Clinically, the main problem of single-shot TSE-DWI with parallel imaging was the low SNR mentioned above. We used a 2-mm slice thickness, so the SNR was thought to be lower due to the thinner slice in our DWI study. Previous reports suggested that TSE-DWI yielded inferior lesion visibility compared with EPI-DWI because of the low SNR, although distortion artifacts on ADC maps of EPI-DWI had a negative effect on ADC measurements.[5,10] Furthermore, precise ADC values cannot be obtained from DWI images with insufficient SNR because the errors in ADC value calculation are caused by strong image noise on the DWI images.[2] We calculated SNR of the DWI images but it is generally impossible to calculate a true SNR on clinical MRI images because the image noise in a single image is spatially inhomogeneous due to the use of parallel imaging, reconstruction filter, and susceptibility effect.[11] It is therefore preferable to investigate the concordance of ADC values in the same lesions among different measurement methods or different examiners on multiple measurements. In our study, the image noise for TSE-DWI was objectively and visually higher than EPI-DWI. Nevertheless, there were no significant differences in visual score assessment for the two readers. In the ADC measurement assessment, ADC values for TSE-DWI and EPI-DWI showed excellent agreement (ICC = 0.97–0.99) with excellent inter-observer agreement (ICC = 0.98–1.00). Therefore, the SNR was thought to be sufficient for precise ADC value calculation without errors in our study. In addition, we used a 3T MRI scanner to increase the SNR compared to 1.5T MRI.[8] The potential increase of distortion artifacts due to the higher magnetic field was solved by our use of the TSE technique.

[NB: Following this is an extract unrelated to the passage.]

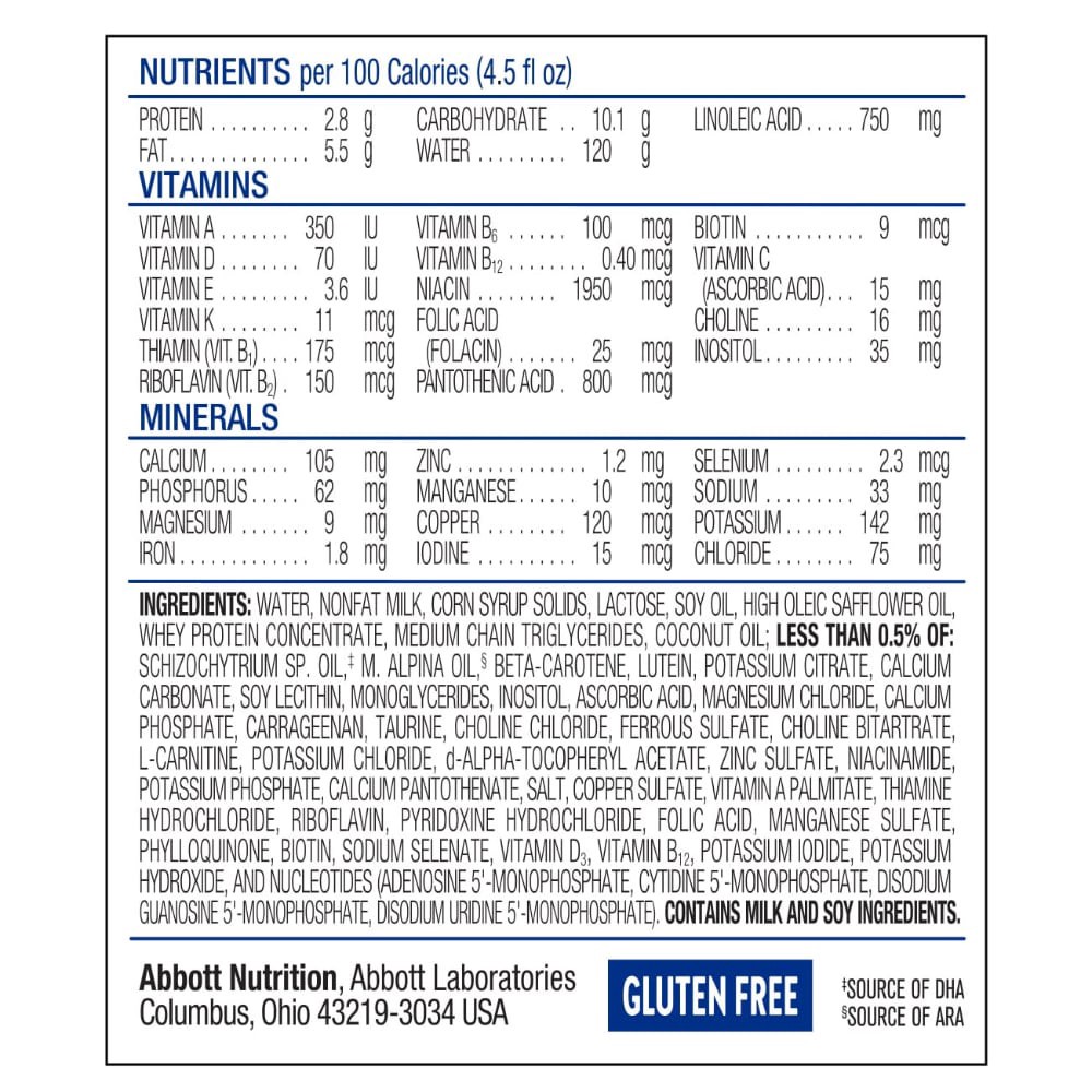 Water, Nonfat Milk, Corn Syrup Solids, Lactose, Soy Oil, High Oleic Safflower Oil, Whey Protein Concentrate, Medium Chain Triglycerides, Coconut Oil; Less than 0.5% of: Schizochytrium SP., Oil (Source…
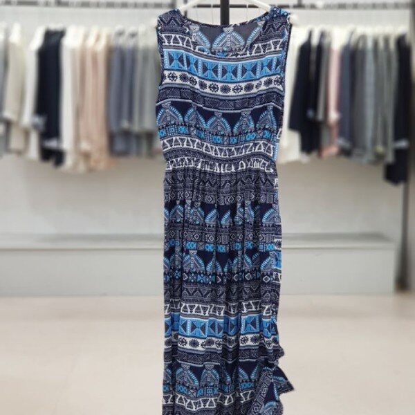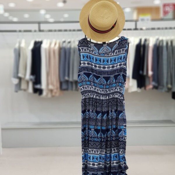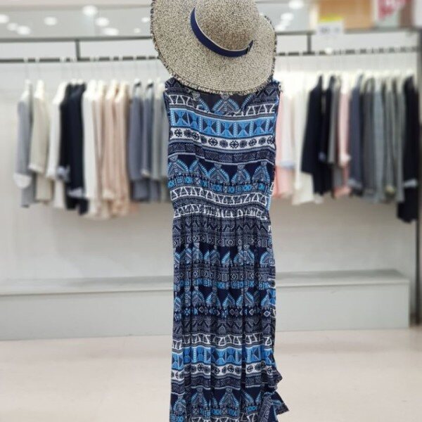 파란 바다를 연상시키는 시원하고 산뜻한 패턴의 원피스입니다.허리밴딩이 있어 라인을 잡아주며, 롱한 길이감으로 체형커버에도 좋은 상품입니다.여름 내 맑고 시원한 기분으로 즐겨입기 좋은 상품입니다.

Our study had several limitations. First, the ROIs in the tumors were manually placed. Small ROIs were placed on the artifact-free area showing visually lowest values on the ADC map for minimum ADC measurement according to previous studies.[2,12] The larger ROIs placed in the whole lesion might include larger artifact areas for average ADC measurement. Nevertheless, excellent agreements of ADC values between TSE-DWI and EPI-DWI were obtained (ICC = 0.97–0.99) with excellent inter-observer agreement, and the reliability was confirmed for minimum and average ADC measurements. Second, the required sample size was calculated for visual score assessment, which was the primary endpoint of the study. We could not measure ADC values for lesions that were non-visible or suffered from artifacts on ADC maps, so fewer patients were included in our assessment of ADC measurement (n = 15). Nevertheless, agreements of the ADC values between TSE-DWI and EPI-DWI and between the observers were excellent. Third, malignant lesions were not included in this study. Malignant hand tumors are very few, so accumulating enough numbers of samples was difficult. Additionally, our purpose was to evaluate thin-slice TSE-DWI optimizing DWI technique for small hand lesions and detailed structures, and not to compare malignant tumors with benign tumors. Differentiation between malignant and benign musculoskeletal tumors was reported in many previous studies.[2] Fourth, we included the patients with no lesion or a postoperative change. We thought it is also important to diagnose the status as no lesion because DWI is often used for screening. However, we could not calculate the diagnostic accuracy and the influence of postoperative susceptibility effect was uncertain. It seems preferable to separately examine patients with a lesion, no lesion, and a postoperative change. Further studies with greater numbers of patients are warranted.

Conclusion

Thin-slice coronal TSE-DWI with recently developed techniques on 3T MRI was superior to conventional EPI-DWI in terms of less image distortion, allowing evaluation of a large area of the hand with near iso-voxel. Furthermore, assessments of visual score and objective ADC measurement proved that the image noise, the major problem of thin-slice TSE-DWI, was acceptable.